Instant Pot Pineapple Upside Down Cake

This Instant Pot Pineapple Upside Down Cake is a crowd-pleaser! Moist cake, juicy pineapple, and cherries create a stunning dessert.
Prep Time 20 minutes
Cook Time 40 minutes
Total Time 1 hour
Servings: 8 servings
Course: Dessert
Cuisine: American

Ingredients
  

  • 18 maraschino cherries
  • 20 ounces pineapple slices canned (whole)
  • 4 tablespoons unsalted butter melted
  • 2 tablespoons pineapple juice
  • ½ cup brown sugar
  • ½ teaspoon cinnamon
  • ¼ teaspoon nutmeg
  • 1 teaspoon coconut extract
  • 1 teaspoon lime juice
  • 1 ½ cups all-purpose flour
  • 2 teaspoons baking powder
  • ¼ teaspoon salt
  • ¼ cup unsalted butter softened to room temperature
  • cup sugar
  • ½ cup dark brown sugar packed
  • 1 whole egg
  • 1 cup coconut milk

Equipment

  • Instant Pot
  • 6-inch round cake pan
  • Mixing bowls
  • Measuring cups and spoons
  • Rubber spatula
  • Cooking Spray

Method
 

  1. Start by greasing your 6-inch round cake pan with cooking spray. This will help the cake release easily after cooking.
  2. In a small bowl, combine the melted butter, 2 tablespoons of pineapple juice, brown sugar, cinnamon, and nutmeg. Mix until well combined.

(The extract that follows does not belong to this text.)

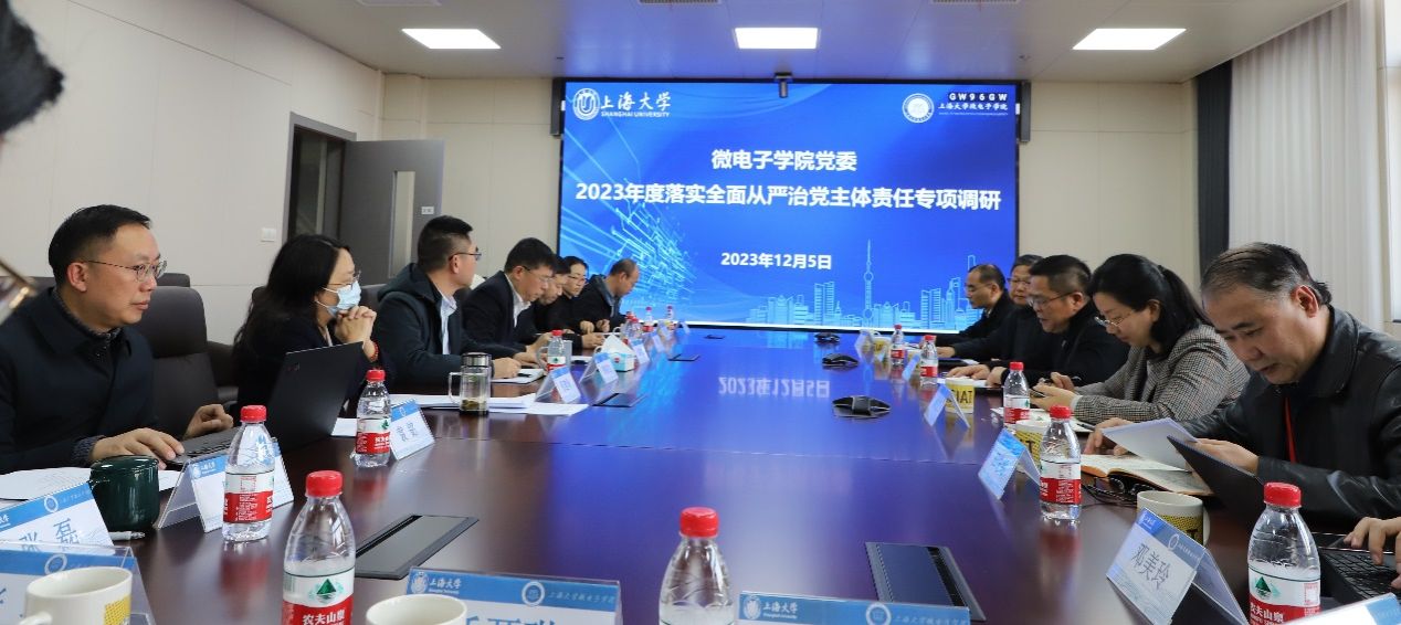 12月5日,校党委常委、副校长王从春带队赴微电子学院开展2023年度落实全面从严治党主体责任专项调研。校党委常委、组织人事部常务副部长、组织处处长沈艺,校党政办公室副主任凌长臣,校党委宣传部副部长、文明办主任何金伟,校纪委(监察专员办公室)派驻延长校区纪检员田先纲,校党政办公室党务科副主管邓美玲;学院党委书记郭纯生、院长赵建龙、执行院长张建华等领导班子成员及教师代表、学生代表等参加了调研座谈。调研组采取听取汇报、个别访谈、查阅资料等方式进行,全面了解微电子学院党委全面从严治党主体责任落实情况。座谈会由校党委常委、副校长王从春主持。

Pour this mixture into the bottom of the prepared cake pan.
  3. Place the pineapple slices in a single layer over the sugar mixture. Make sure to cover the bottom completely. Nestle the maraschino cherries in the center of each pineapple ring and in any open spots for added color and flavor.
  4. In a large mixing bowl, cream together the softened butter, white sugar, and dark brown sugar until light and fluffy. Add the egg, coconut extract, and lime juice, mixing until well incorporated.
  5. In another bowl, whisk together the flour, baking powder, and salt. Gradually add this dry mixture to the wet ingredients, alternating with the coconut milk. Mix until just combined; be careful not to overmix.
  6. Carefully pour the cake batter over the arranged pineapple and cherries in the cake pan, spreading it evenly with a spatula.
  7. Add 1 cup of water to the bottom of the Instant Pot. Place a trivet in the pot and carefully lower the cake pan onto the trivet.
  8. Close the lid, set the valve to sealing, and cook on high pressure for 40 minutes. Once the cooking time is complete, allow the pressure to release naturally for 10-15 minutes, then do a quick release for any remaining pressure.
  9. Carefully remove the cake pan from the Instant Pot and let it cool for about 10 minutes. Run a knife around the edges to loosen the cake, then invert it onto a serving plate. Let it cool for a few more minutes before slicing and serving.

Notes

  • Store in an airtight container at room temperature for up to 3 days.
  • For longer storage, refrigerate for up to 5-7 days.
  • Freezing is an option! Wrap slices tightly in plastic wrap and foil, then freeze for up to 3 months.